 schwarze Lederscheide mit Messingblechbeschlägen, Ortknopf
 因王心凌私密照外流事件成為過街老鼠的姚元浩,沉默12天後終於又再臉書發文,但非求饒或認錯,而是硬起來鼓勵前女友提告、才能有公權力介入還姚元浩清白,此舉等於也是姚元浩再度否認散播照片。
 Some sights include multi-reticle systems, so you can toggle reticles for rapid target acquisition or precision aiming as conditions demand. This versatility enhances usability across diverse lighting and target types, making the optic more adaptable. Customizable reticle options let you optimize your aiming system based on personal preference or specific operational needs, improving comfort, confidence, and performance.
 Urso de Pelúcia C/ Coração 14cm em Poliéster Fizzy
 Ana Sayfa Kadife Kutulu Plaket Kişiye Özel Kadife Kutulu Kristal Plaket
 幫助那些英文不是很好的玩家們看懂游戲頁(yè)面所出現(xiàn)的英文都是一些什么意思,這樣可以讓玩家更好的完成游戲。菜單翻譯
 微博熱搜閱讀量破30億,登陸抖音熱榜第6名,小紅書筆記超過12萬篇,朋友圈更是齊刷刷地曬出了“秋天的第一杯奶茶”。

______

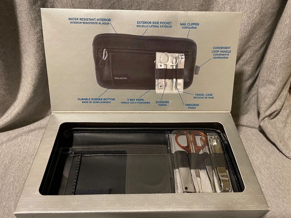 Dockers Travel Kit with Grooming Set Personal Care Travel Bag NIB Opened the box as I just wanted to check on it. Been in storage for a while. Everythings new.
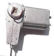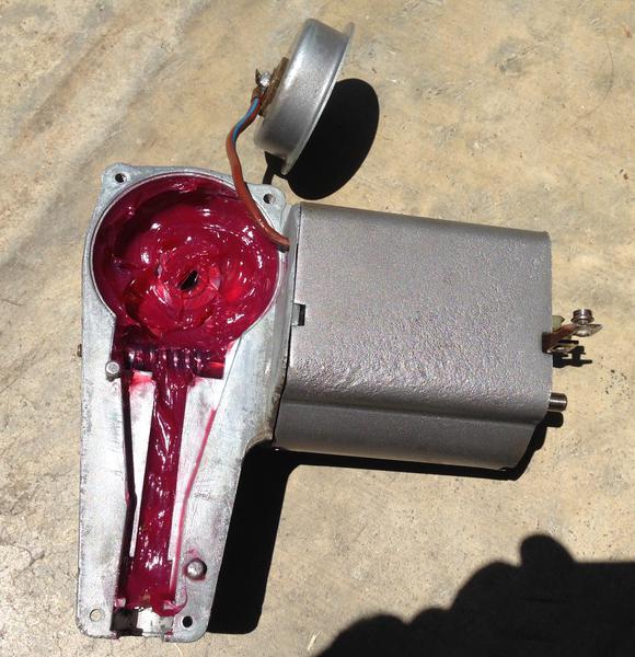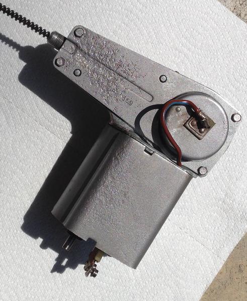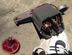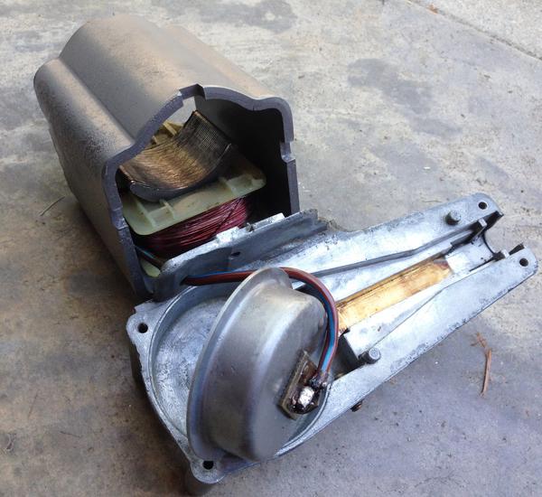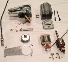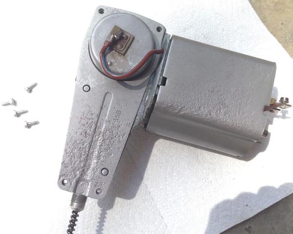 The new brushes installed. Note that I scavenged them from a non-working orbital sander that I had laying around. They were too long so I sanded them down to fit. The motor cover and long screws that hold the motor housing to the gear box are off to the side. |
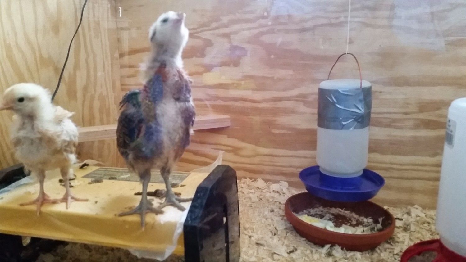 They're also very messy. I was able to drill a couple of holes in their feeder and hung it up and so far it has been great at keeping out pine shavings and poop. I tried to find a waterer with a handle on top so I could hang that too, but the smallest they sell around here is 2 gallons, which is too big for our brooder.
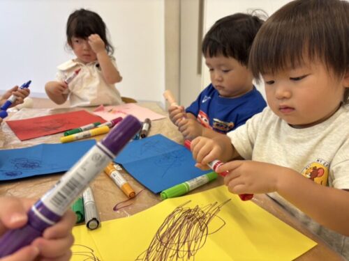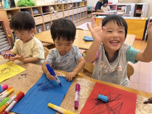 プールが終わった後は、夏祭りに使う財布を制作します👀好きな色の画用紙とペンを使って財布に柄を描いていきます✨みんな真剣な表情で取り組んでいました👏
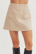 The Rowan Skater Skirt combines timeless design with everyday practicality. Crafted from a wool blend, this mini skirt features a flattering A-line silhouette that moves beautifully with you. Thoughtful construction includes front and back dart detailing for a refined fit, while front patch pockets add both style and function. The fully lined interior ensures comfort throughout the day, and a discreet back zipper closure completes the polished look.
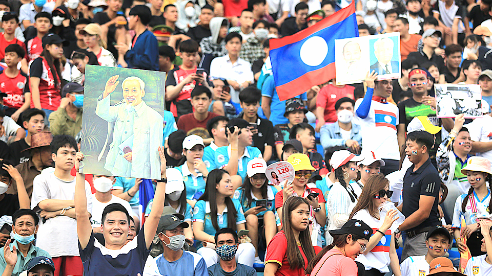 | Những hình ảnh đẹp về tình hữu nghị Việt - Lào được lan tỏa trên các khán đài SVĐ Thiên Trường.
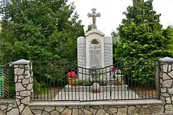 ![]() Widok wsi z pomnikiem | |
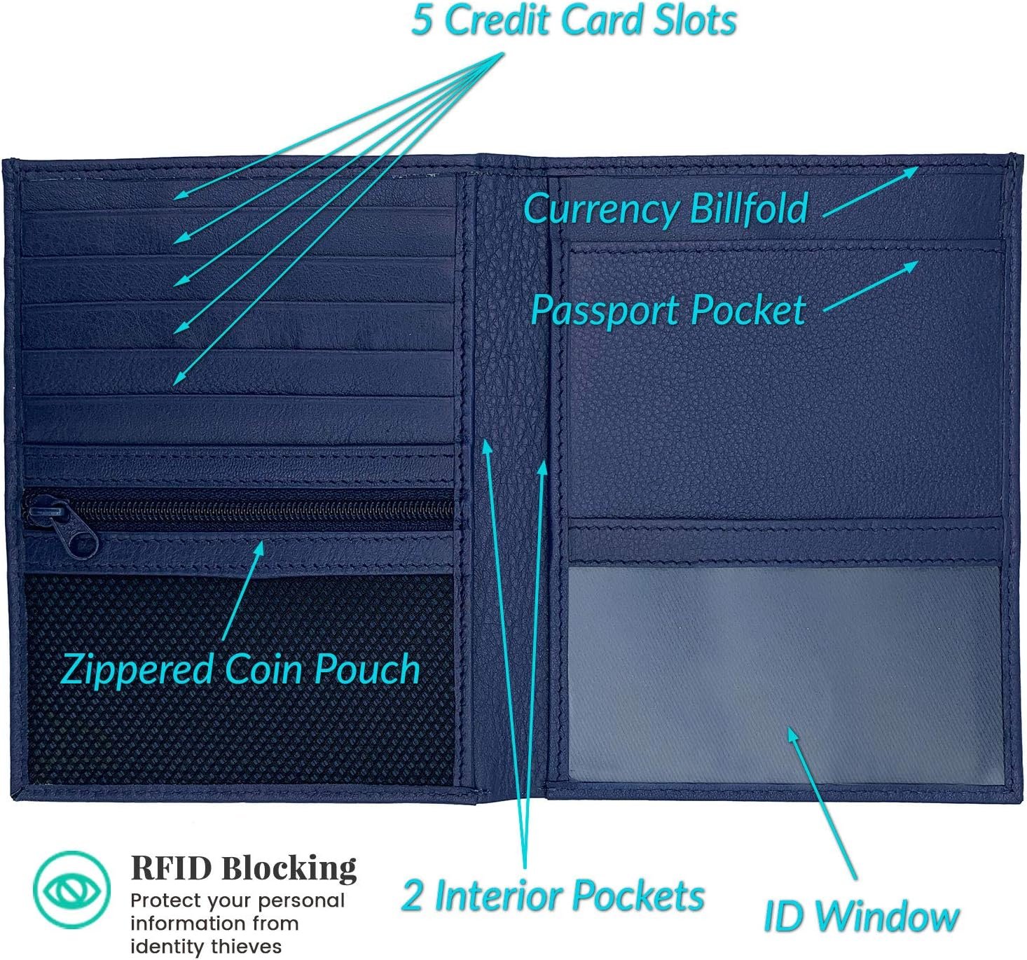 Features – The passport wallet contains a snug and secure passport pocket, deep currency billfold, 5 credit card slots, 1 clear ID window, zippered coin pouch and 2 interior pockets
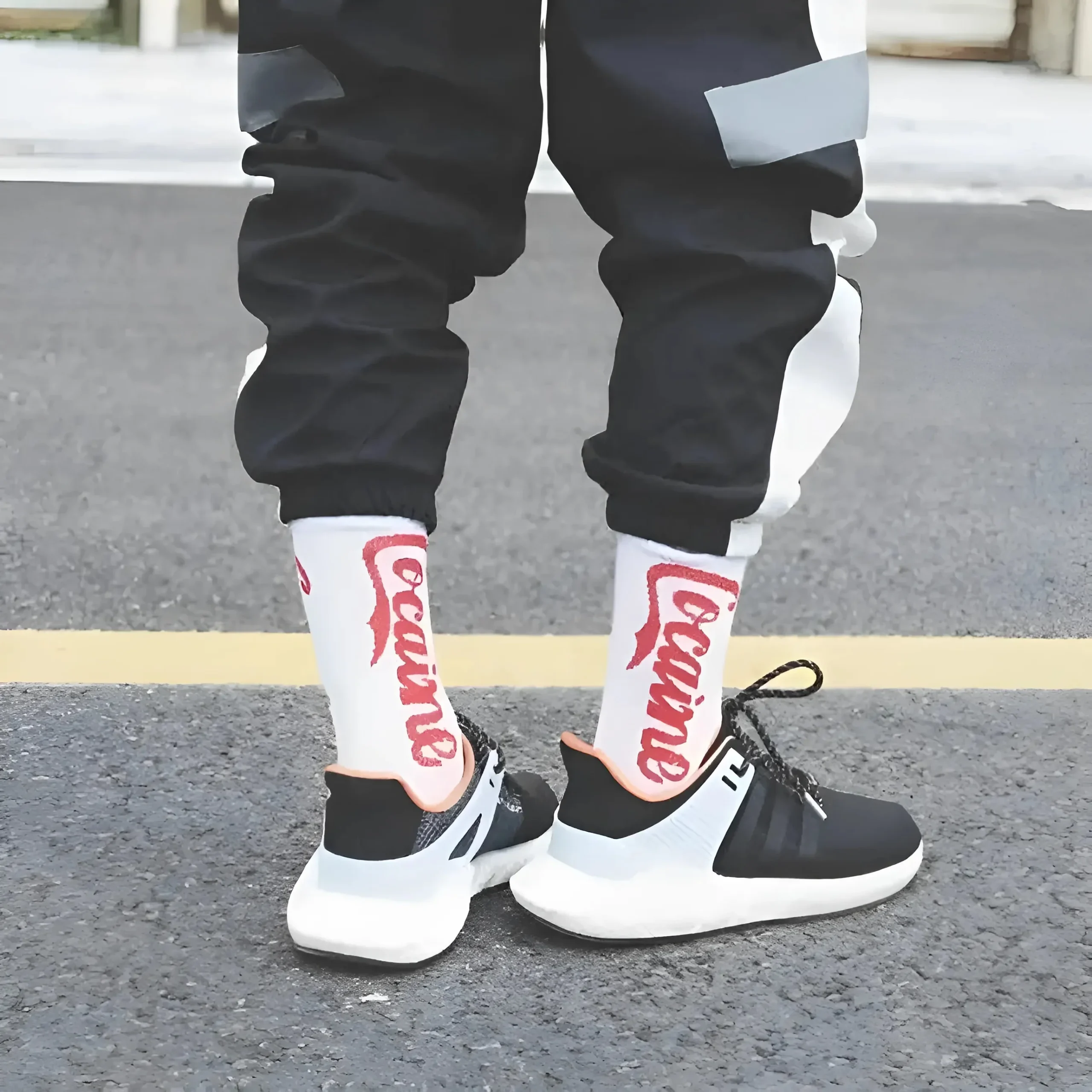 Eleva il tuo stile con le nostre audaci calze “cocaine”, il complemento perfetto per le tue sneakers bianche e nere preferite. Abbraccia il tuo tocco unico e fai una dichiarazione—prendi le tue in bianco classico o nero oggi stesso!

______

- _PROBLEM TO SOLVE_
To complete this exercise, transcribe exactly the lines above from the one that holds "SVĐ Thiên Trường." through the one that holds "Eleva il tuo". Pictures stay out.

- _RESULT FOR THIS TASK_
 | Những hình ảnh đẹp về tình hữu nghị Việt - Lào được lan tỏa trên các khán đài SVĐ Thiên Trường.
 ![]() Widok wsi z pomnikiem | |
 Features – The passport wallet contains a snug and secure passport pocket, deep currency billfold, 5 credit card slots, 1 clear ID window, zippered coin pouch and 2 interior pockets
 Eleva il tuo stile con le nostre audaci calze “cocaine”, il complemento perfetto per le tue sneakers bianche e nere preferite. Abbraccia il tuo tocco unico e fai una dichiarazione—prendi le tue in bianco classico o nero oggi stesso!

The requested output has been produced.